Please give the lines below again exactly as they stand, from the one that contains "采用衬衫与皮衣元素的拼接设计" up to and including the one that contains "為最大程度減少對(duì)運", leaving all pictures out.
-- Extracted information follows --
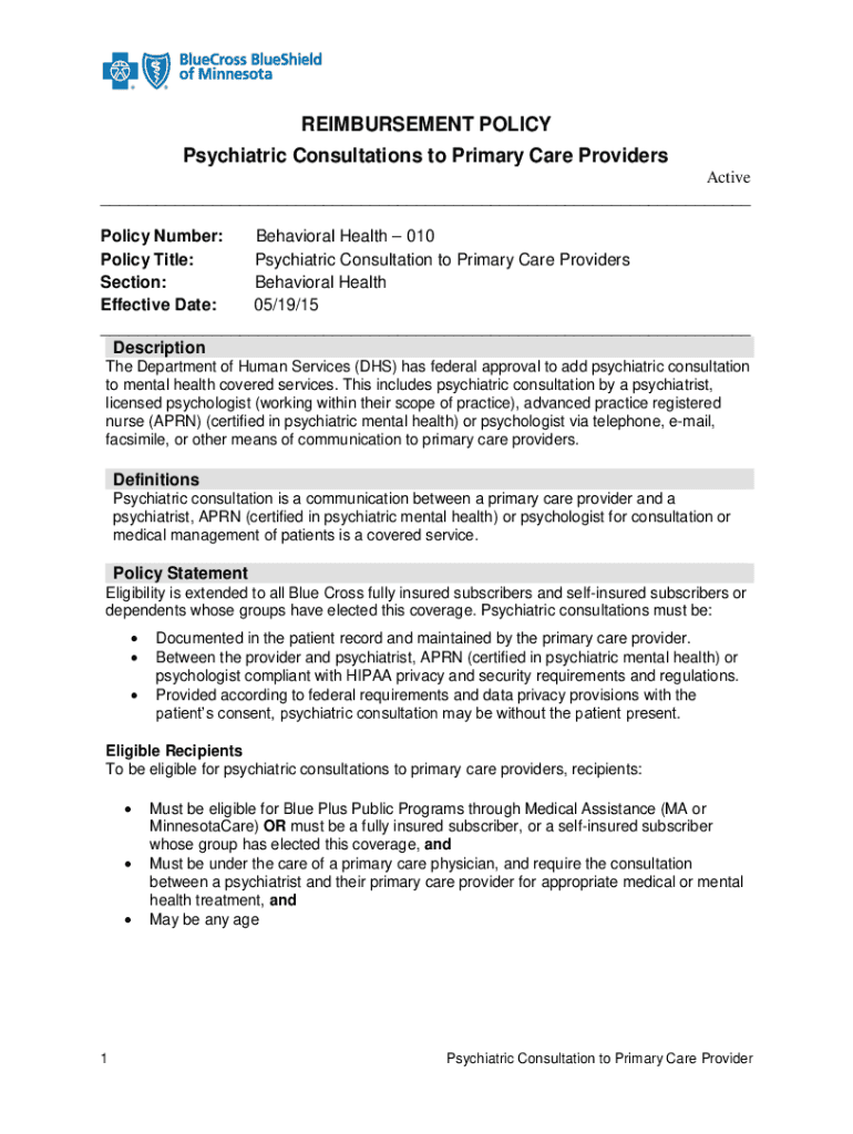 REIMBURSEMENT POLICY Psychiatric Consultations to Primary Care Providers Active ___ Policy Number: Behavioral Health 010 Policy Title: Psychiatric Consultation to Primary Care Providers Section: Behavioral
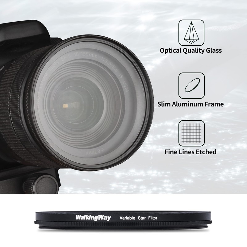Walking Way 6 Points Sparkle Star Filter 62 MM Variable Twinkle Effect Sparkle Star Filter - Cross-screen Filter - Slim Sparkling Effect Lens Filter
-- Extracted information concluded --
-- Extracted information follows --
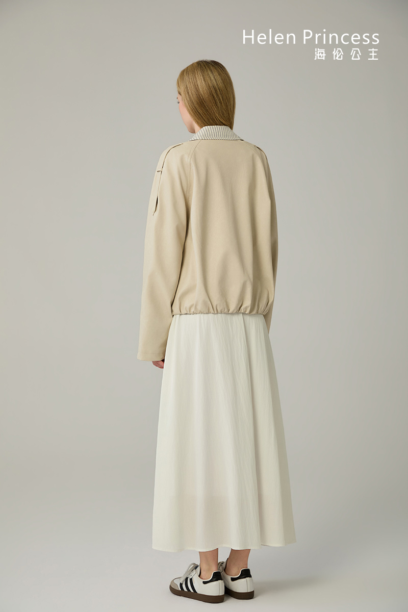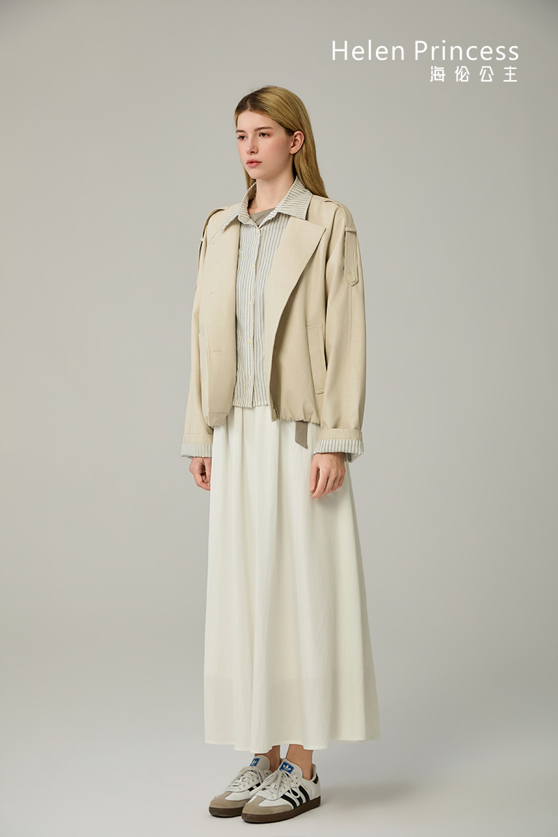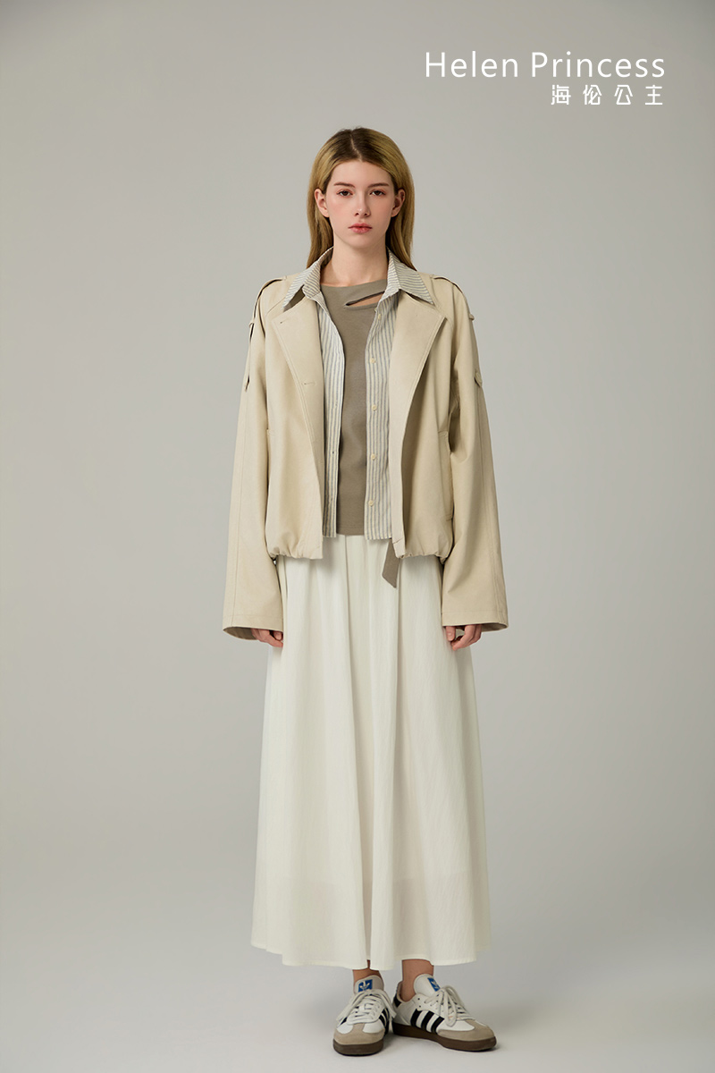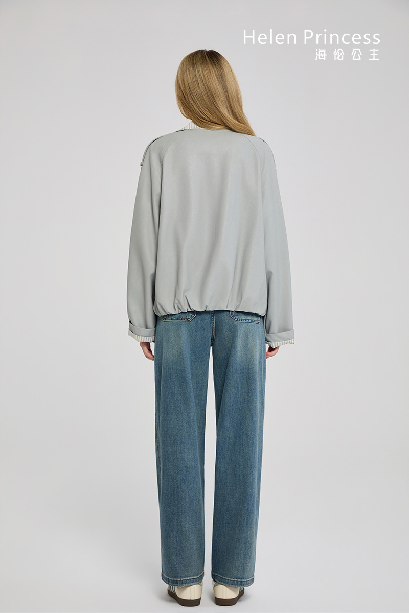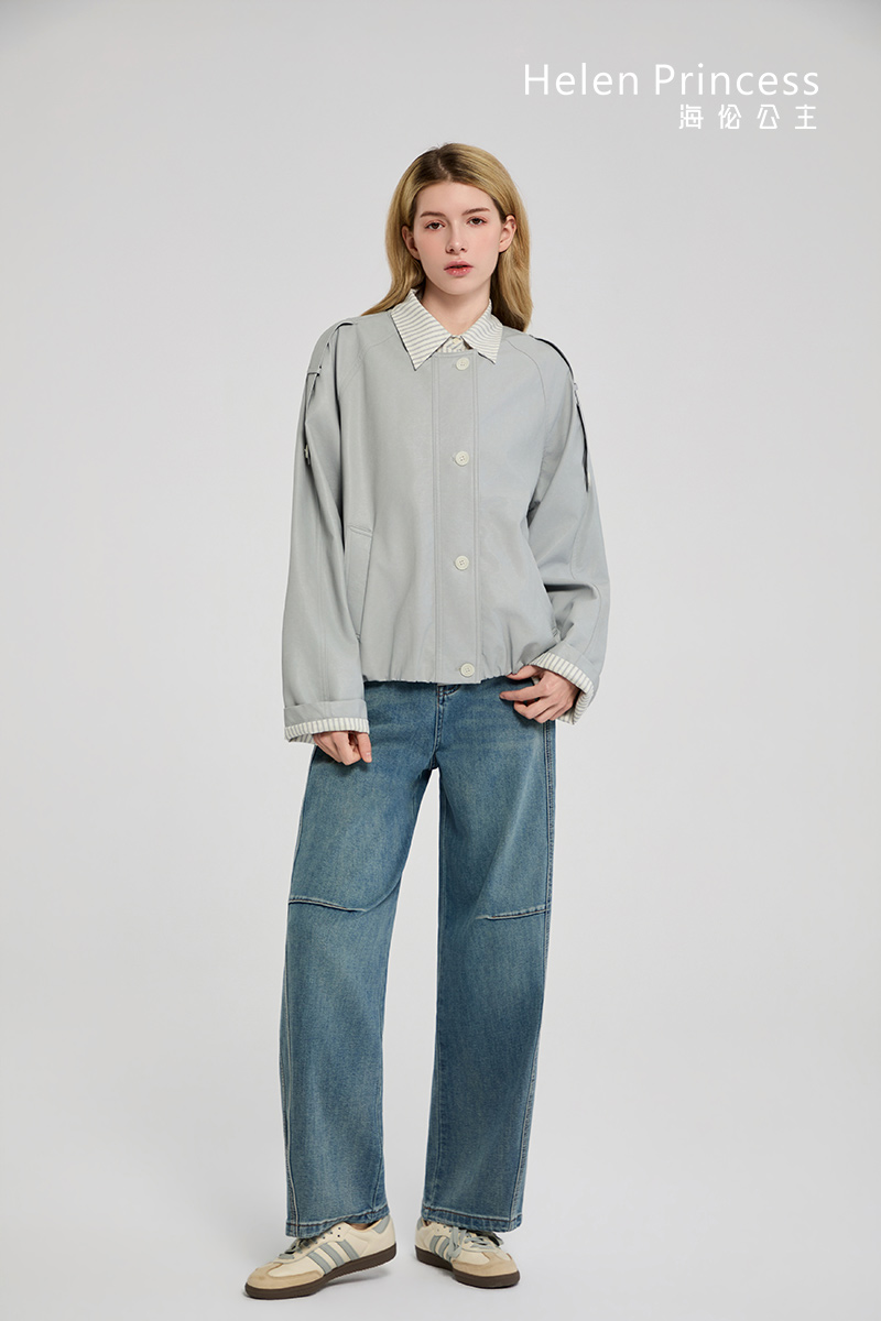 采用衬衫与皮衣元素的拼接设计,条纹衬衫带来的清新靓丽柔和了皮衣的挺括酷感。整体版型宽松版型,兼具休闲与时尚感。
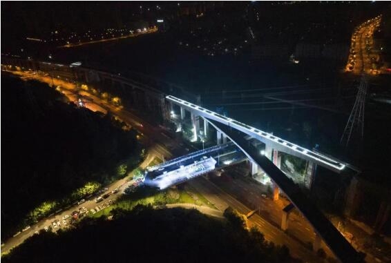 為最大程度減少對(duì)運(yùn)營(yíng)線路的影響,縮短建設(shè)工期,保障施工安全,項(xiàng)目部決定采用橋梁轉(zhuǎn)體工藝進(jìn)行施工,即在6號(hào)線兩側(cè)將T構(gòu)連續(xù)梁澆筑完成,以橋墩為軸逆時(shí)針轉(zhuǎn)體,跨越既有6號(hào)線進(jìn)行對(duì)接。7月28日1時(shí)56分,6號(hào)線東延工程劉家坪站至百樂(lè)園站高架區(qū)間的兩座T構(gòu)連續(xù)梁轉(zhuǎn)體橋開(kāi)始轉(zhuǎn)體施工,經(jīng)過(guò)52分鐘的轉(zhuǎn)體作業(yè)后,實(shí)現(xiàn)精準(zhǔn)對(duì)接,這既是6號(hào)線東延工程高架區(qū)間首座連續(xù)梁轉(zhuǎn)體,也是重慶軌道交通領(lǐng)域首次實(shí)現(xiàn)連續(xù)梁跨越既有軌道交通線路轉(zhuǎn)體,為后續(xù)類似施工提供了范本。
-- Extracted information concluded --
**Answer section**
 采用衬衫与皮衣元素的拼接设计,条纹衬衫带来的清新靓丽柔和了皮衣的挺括酷感。整体版型宽松版型,兼具休闲与时尚感。
 為最大程度減少對(duì)運(yùn)營(yíng)線路的影響,縮短建設(shè)工期,保障施工安全,項(xiàng)目部決定采用橋梁轉(zhuǎn)體工藝進(jìn)行施工,即在6號(hào)線兩側(cè)將T構(gòu)連續(xù)梁澆筑完成,以橋墩為軸逆時(shí)針轉(zhuǎn)體,跨越既有6號(hào)線進(jìn)行對(duì)接。7月28日1時(shí)56分,6號(hào)線東延工程劉家坪站至百樂(lè)園站高架區(qū)間的兩座T構(gòu)連續(xù)梁轉(zhuǎn)體橋開(kāi)始轉(zhuǎn)體施工,經(jīng)過(guò)52分鐘的轉(zhuǎn)體作業(yè)后,實(shí)現(xiàn)精準(zhǔn)對(duì)接,這既是6號(hào)線東延工程高架區(qū)間首座連續(xù)梁轉(zhuǎn)體,也是重慶軌道交通領(lǐng)域首次實(shí)現(xiàn)連續(xù)梁跨越既有軌道交通線路轉(zhuǎn)體,為后續(xù)類似施工提供了范本。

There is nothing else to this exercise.